Lei è alla guida della Confindustria da due anni e questa è la sua prima intervista. Quali sono le priorità per il rilancio del Paese?

Quello che presentiamo è un passaggio chiave del nostro programma.
È l'agenda di lavoro che gli imprenditori propongono al Paese e a chi si candida a governarlo. Un impegno su cui chiediamo risposte precise: sugli obiettivi e su come reperire le risorse per realizzarli.

Da dove cominciare?

Prima di tutto con la riduzione del cuneo fiscale e contributivo (QUESTA VOLTA IL PROGRAMMA DI CONFINDUSTRIA E' QUELLO DELL'ULIVO !!!!!? ...BERLUSCONI ESPLODE DI RABBIA E SCHIUMA DI BAVA - N.d.R.). Prendiamo un operaio del settore manifatturiero. Se in busta paga percepisce 100 all'azienda costa circa 184. Nel Regno Unito siamo a 145.
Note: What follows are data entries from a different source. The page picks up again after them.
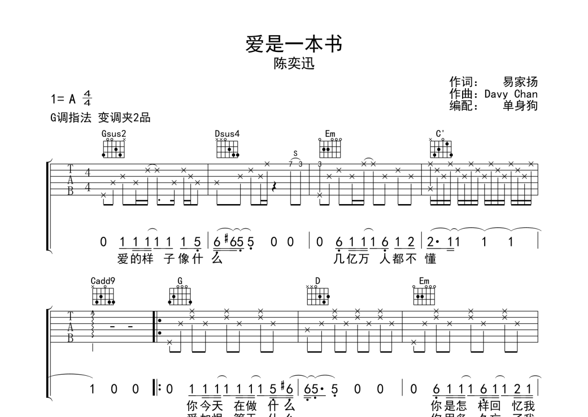 陈奕迅《爱是一本书》吉他谱 - G调弹唱六线谱
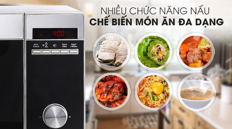 Gồm nấu, hâm nóng, rã đông theo trọng lượng, rã đông theo thời gian, nướng. Công suất vi sóng 800 W, công suất nướng tới 1000 W giúp làm chín thức ăn nhanh, ít tốn điện.
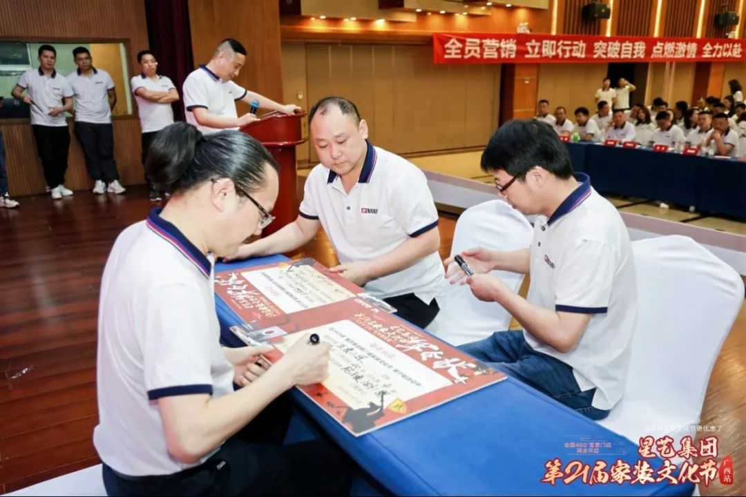 伴隨著滿滿的儀式感中,廣西區(qū)各個代表、各部門逐一上臺簽訂目標(biāo)責(zé)任狀。團隊英姿喚發(fā),眾志成城,以亢奮的激情展示團隊精神風(fēng)貌;員工斗志昂揚,信心滿滿,誓師堅決完成任務(wù),一定超越目標(biāo)。五十余家建材聯(lián)盟商家也上臺進(jìn)行質(zhì)量承諾宣誓,在活動中必將明碼標(biāo)價,保證產(chǎn)品質(zhì)量,讓消費者得到最實惠的品質(zhì)產(chǎn)品。
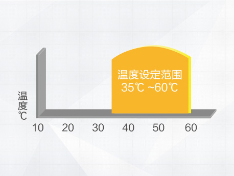 出水溫度35 ~ 60℃靈活可設(shè),適用各種熱水需求的場(chǎng)所。 |
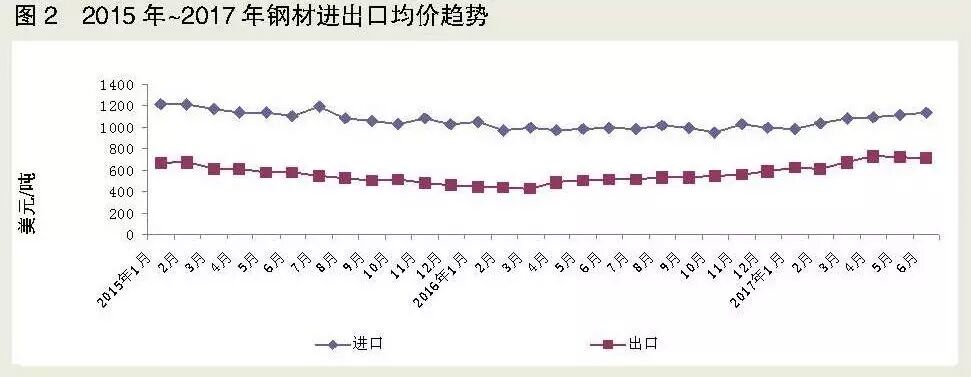 6月份,我国钢材进口均价为1142.21美元/吨,环比上涨24.25美元/吨,提高2.17%;1月~6月份,我国钢材进口均价为1078.18美元/吨,同比上涨83.11美元/吨,提高8.35%。6月份,我国钢材出口均价为709.34美元/吨,环比下跌13.40美元/吨,降低1.85%;1月~6月份,我国钢材出口均价为680.33美元/吨,同比上涨213.60美元/吨,提高45.77%。(见图2)
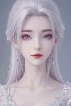 1girl, solo, jewelry, closed mouth, white hair, earrings, necklace, lips, eyelashes, makeup, lipstick, pale skin, portrait, close-up, red lips
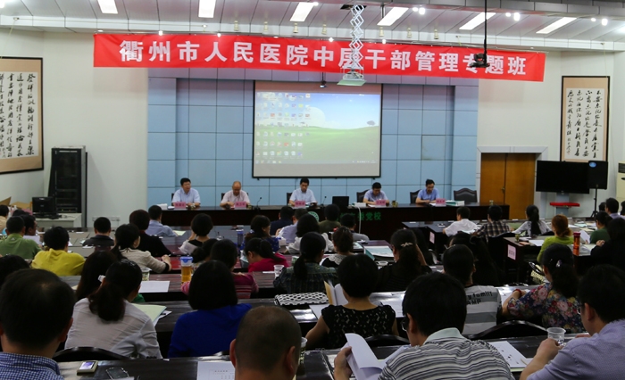 ??? 9月7至8日,我院在市委黨校舉辦中層干部管理培訓班。衛(wèi)生局黨委書記、局長陳根成,市委黨校副校長王洪明,副局長周衛(wèi)華應邀出席開班儀式,院領導、職能部門、臨床醫(yī)技科主任、護士長130余人參加了本次培訓,會議由黨委書記徐天才主持。
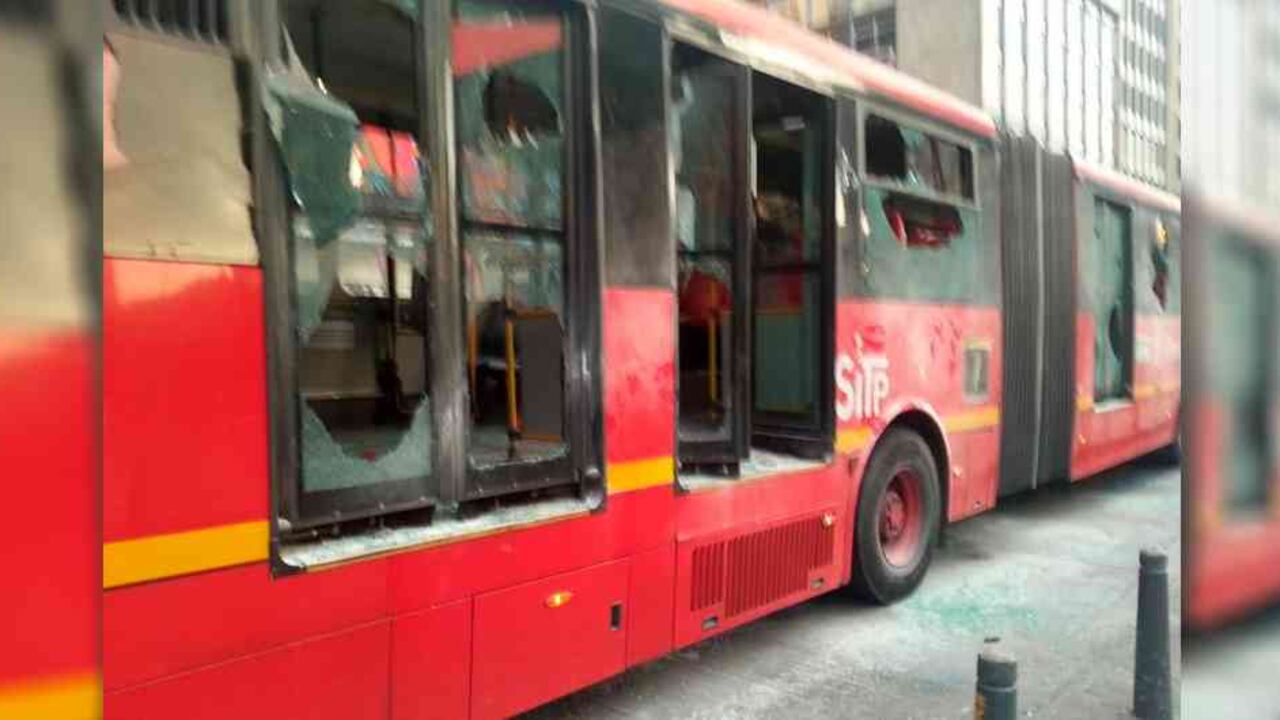 En el centro de Bogotá, la situación se presentó a causa de manifestaciones violentas. Según informaron usuarios en redes sociales, los ataques contra los articulados y las estaciones de Transmilenio se habrían dado luego de un operativo de la DIAN en San Victorino.

Un beneficio per le imprese o anche per i lavoratori?

Anche per i dipendenti, perché no? Ma dobbiamo sapere che il punto chiave è mettere le imprese in grado di competere sui mercati e quindi di creare sviluppo.

La diminuzione degli oneri fiscali e contributivi è nel programma di Berlusconi come in quello di Prodi.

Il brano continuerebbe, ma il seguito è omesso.